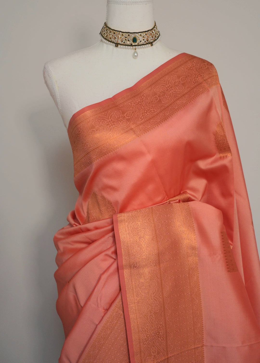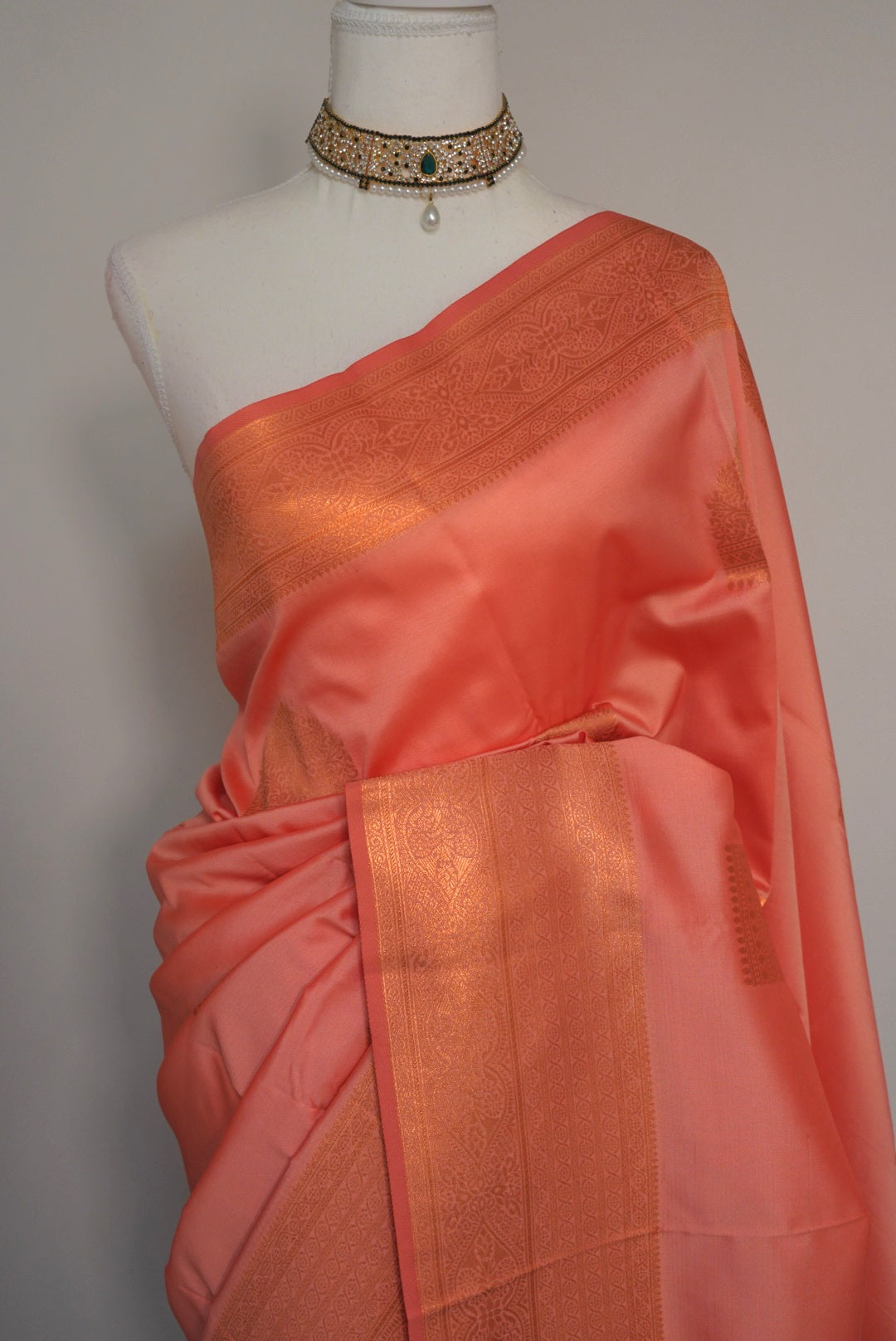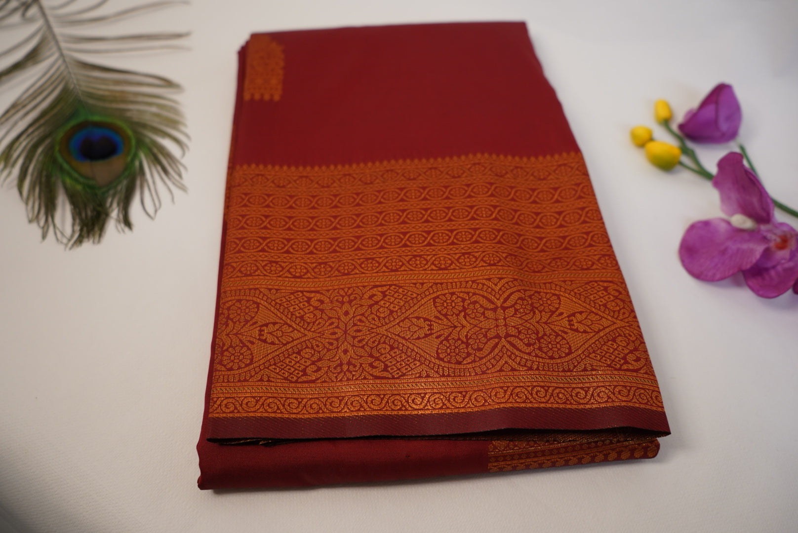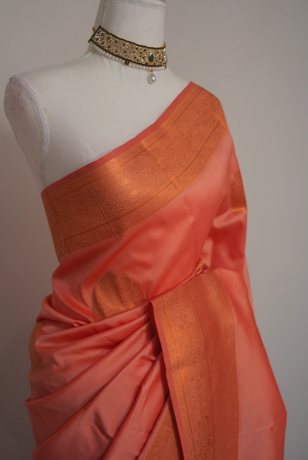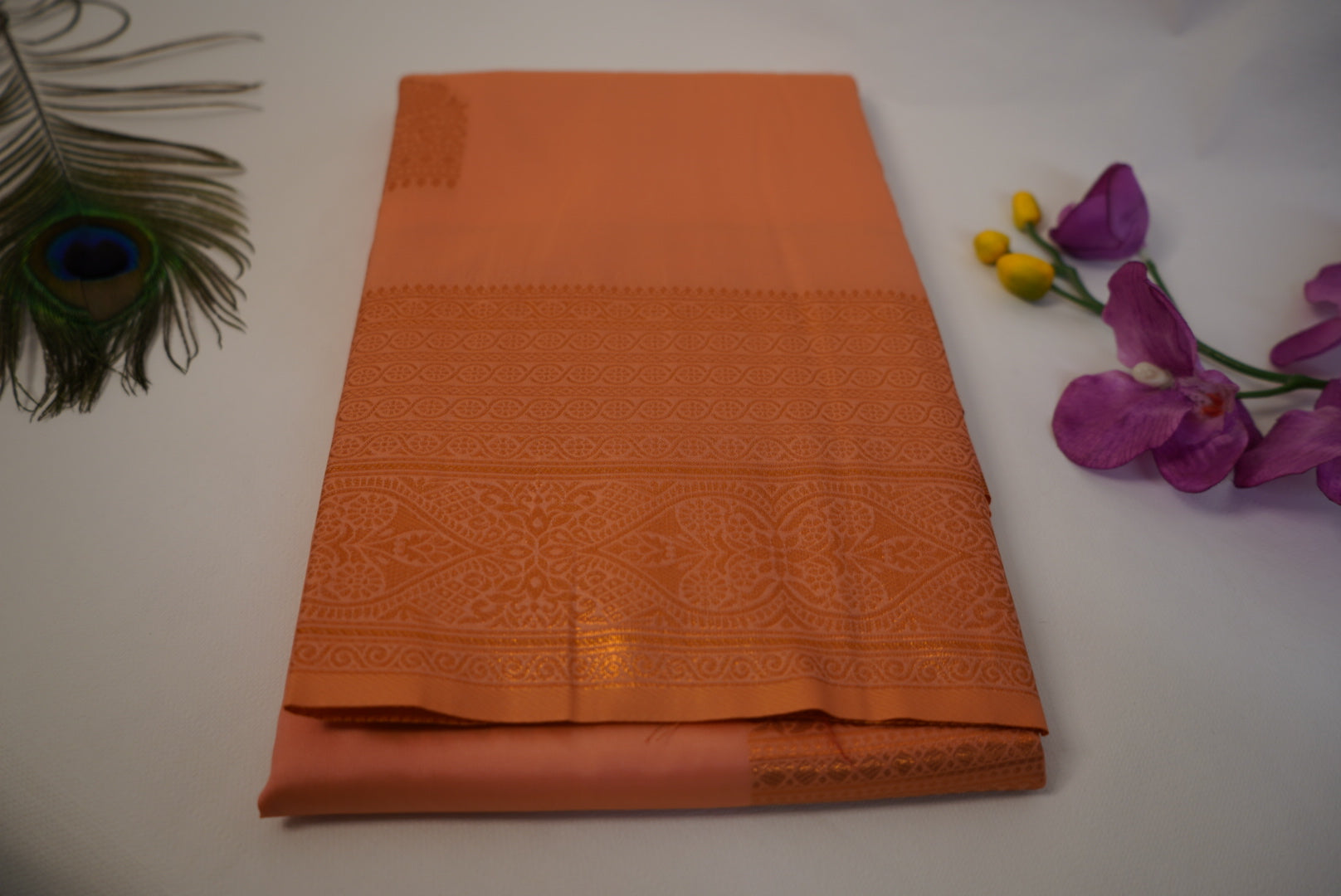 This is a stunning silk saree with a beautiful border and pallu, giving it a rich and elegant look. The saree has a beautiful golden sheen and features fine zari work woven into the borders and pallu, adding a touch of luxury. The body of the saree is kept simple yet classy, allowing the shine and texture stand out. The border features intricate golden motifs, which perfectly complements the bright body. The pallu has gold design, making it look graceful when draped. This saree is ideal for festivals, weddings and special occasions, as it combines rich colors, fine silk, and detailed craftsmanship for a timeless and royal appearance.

______________________________

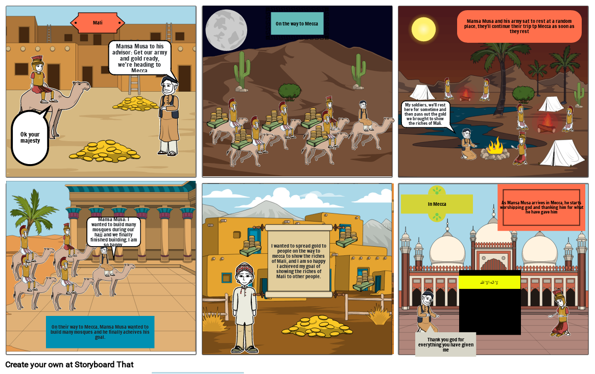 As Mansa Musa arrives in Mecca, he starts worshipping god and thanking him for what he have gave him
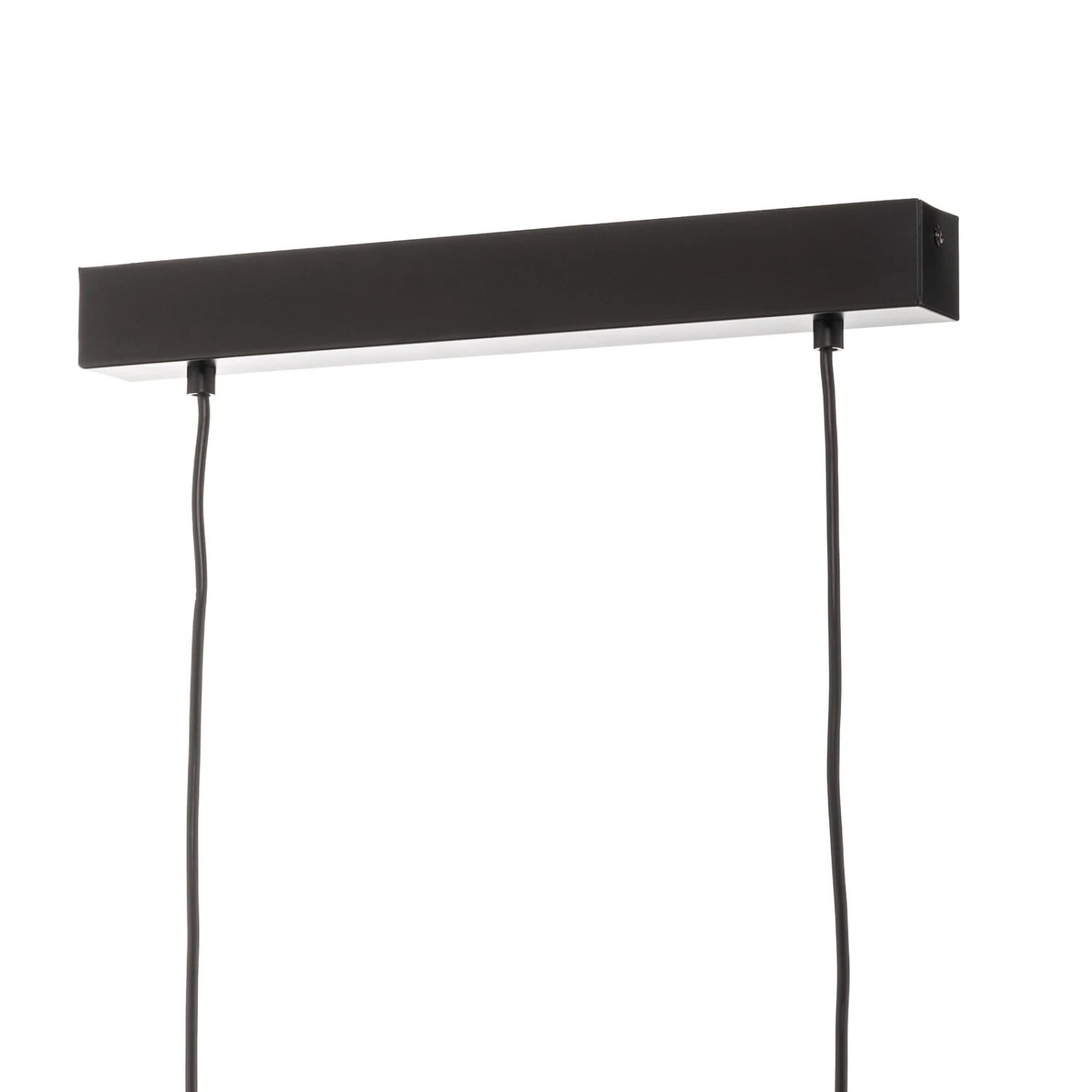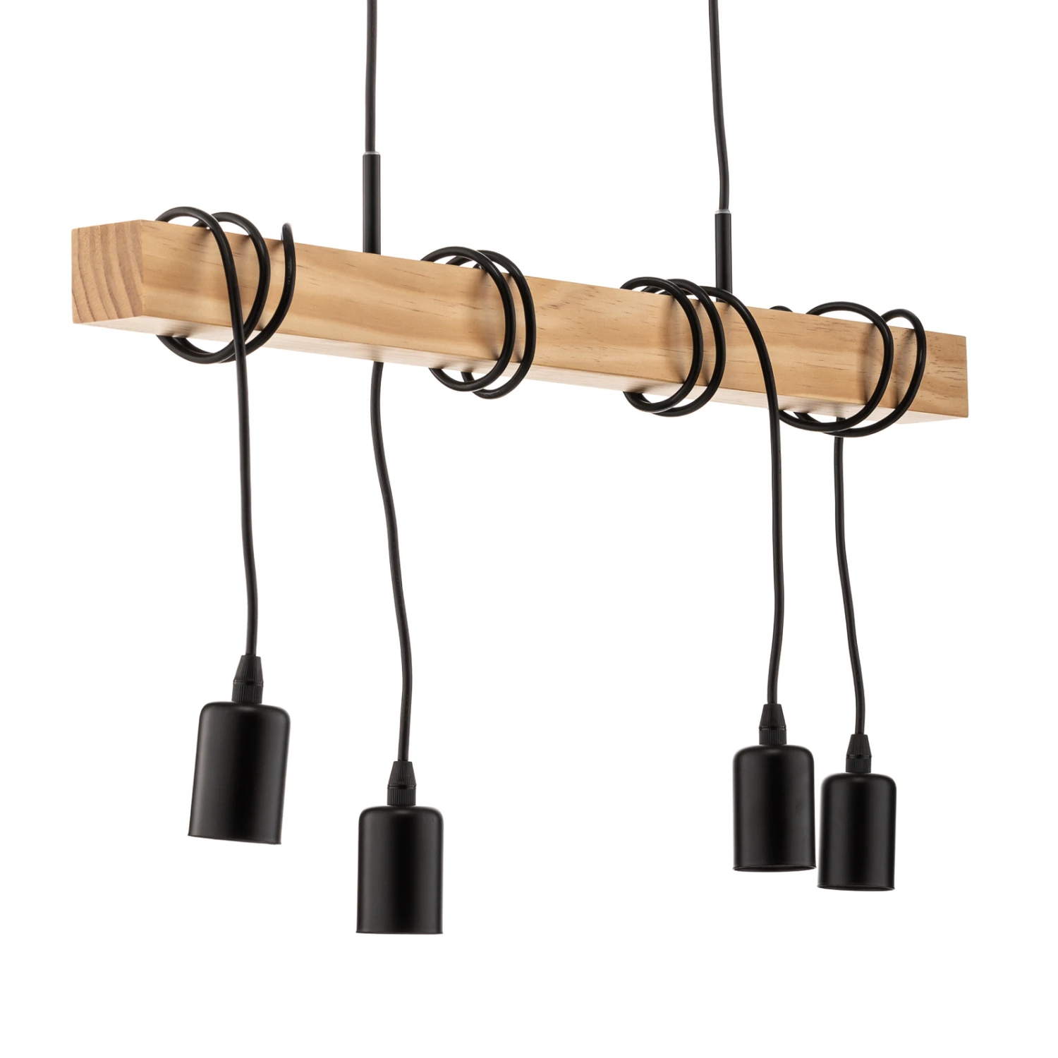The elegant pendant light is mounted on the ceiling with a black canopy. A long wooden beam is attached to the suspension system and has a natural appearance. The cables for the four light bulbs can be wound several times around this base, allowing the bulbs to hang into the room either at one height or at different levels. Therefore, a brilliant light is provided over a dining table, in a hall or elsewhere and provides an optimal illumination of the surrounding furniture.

______________________________

▶ Work to complete: Restate the lines above from the one containing "As Mansa Musa" through the one containing "The elegant pendant", inclusive, exactly and without pictures.

▶ Worked solution:
 As Mansa Musa arrives in Mecca, he starts worshipping god and thanking him for what he have gave him
The elegant pendant light is mounted on the ceiling with a black canopy. A long wooden beam is attached to the suspension system and has a natural appearance. The cables for the four light bulbs can be wound several times around this base, allowing the bulbs to hang into the room either at one height or at different levels. Therefore, a brilliant light is provided over a dining table, in a hall or elsewhere and provides an optimal illumination of the surrounding furniture.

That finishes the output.